Western blot analysis was carried out as previously described.24 Analyses were undertaken using antibodies to p53 (DO‐1), acetylated histone‐H3 and ‐H4 (Merck, Darmstadt, Germany), caspase‐1, cleaved caspase‐1, Bim, BAX, Bcl‐2, Bcl‐xL, p21, IKBα, Iκ B kinase (IKK)α, IKKβ, IKKγ, and NLRP3 (Cell Signaling Technology), and β‐actin (Sigma, St. Louis, MO, USA).

Transfection and siRNA experiments

Transfection was performed with a Neon Transfection System MPK5000S (Invitrogen, Carlsbad, CA, USA). The transfection programs for KOB and LMY1 (No. 24) were run in such a manner that cell viability and transfection efficiency would be compatible (data not shown).

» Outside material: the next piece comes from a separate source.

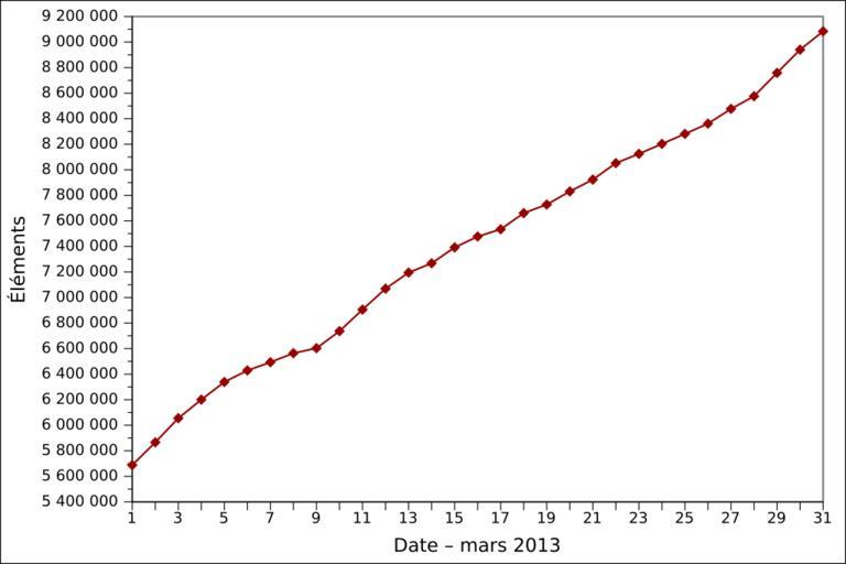 | Keywords: 2013-03 Wikidata items FR.svg de Grafische Darstellung des vollständigen Anzahls der angelegten Gegenstände auf Wikidata in März 2013 auf Französisch Löschungen werden nicht berücksichtigt en Graph presenting the total number of items created on Wikidata as of March 2013 in French Item deletions are not taken into account fr Graphique en français représentant le nombre total d'éléments créés sur Wikidata en mars 2013 Les suppressions d'éléments ne sont pas prises en compte 2013-04-01 21 27 own Ljubinka cc-zero File 2013-03 Wikidata items DE svg File 2013-03 Wikidata items EN svg Wikidata statistics in March 2013 Wikidata statistics in French |

Twelve hours after transfection, cells were treated with or without HBI‐8000 and processed for experiments. Two different siRNAs were prepared against each target as follows: Bim, Silencer Select Validated siRNA s195011 (#1) and Silencer Select siRNA s195012 (#2); NLRP3, Silencer Select siRNA s41555 (#1), s41556 (#2). As a control siRNA, Silencer negative control #1 (Applied Biosystems, Foster City, CA) was used.

Statistical analysis

Student's t‐test with Welch's correction was used to calculate statistical significance. **P‐values < 0.01 and *P‐values < 0.05 were regarded as significant.

Results

HBI‐8000 inhibits cell viability in ATL‐derived cell lines

To investigate the activity of HBI‐8000 in ATL cells, two model systems were used, both based on cells derived from ATL patients. First, the activity of HBI‐8000 was evaluated using seven ATL cell lines and the non‐ATL T‐cell line Jurkat, which is known as a good responder against HDACi.8 All cell lines tested showed decreased cell viability after 72 h of HBI‐8000 treatment (Fig. 1a). ST1 was relatively unresponsive and showed only modest inhibition. The IC50 values of ATL cells showing a response ranged from 0.7 to 1.7 μM (mean, 1.16 μM). These results indicated that sensitivities of ATL cell lines to HBI‐8000 are not inferior compared to Jurkat cells. HTLV‐1 infection, IL2‐dependence, or p53 status did not have an effect on the response to HBI‐8000.

Figure 1

Apoptosis in adult T‐cell leukemia/lymphoma (ATL)‐derived cell lines induced by HBI‐8000. (a) ATL‐derived cell lines and Jurkat cells (2–5 × 105/mL) were treated with either the vehicle or indicated concentrations of HBI‐8000 for 72 h, then cell viability was evaluated using MTS assay. All experiments were carried out in triplicate and the results are expressed as the mean ± SD. (b–d) ATL‐derived cell lines and Jurkat cells (2–5 × 105/mL) were treated with either the vehicle or 4 μM HBI‐8000 for 48 h, and collected. (b) Annexin‐V/propidium iodide staining was carried out and the percentage of annexin‐V‐positive cells was evaluated. Experiments were carried out in triplicate and the results are expressed as the mean ± SD. (c) Cell cycle analysis. The percentage of cells in the sub‐G1, G1, S, and G2/M phase was evaluated. Increased numbers of cells in the G1 phase and those with G1 arrest were observed among KK1 and SO4 cells treated with HBI‐8000. (d) Evaluation of loss of mitochondrial membrane potential. Cells were incubated with JC‐1 dye and analyzed using FCM to determine the percentage with low JC‐1 red fluorescence. Except for KK1 cells, most of the cell lines showed decreased mitochondrial membrane potential (ΔψM). (e) Activated (cleaved) caspase‐3 was evaluated using an Apopcyto caspase‐3 colorimetric assay kit. Values for fold induction of signaling (HBI‐8000‐treated cells/non‐treated cells) are indicated.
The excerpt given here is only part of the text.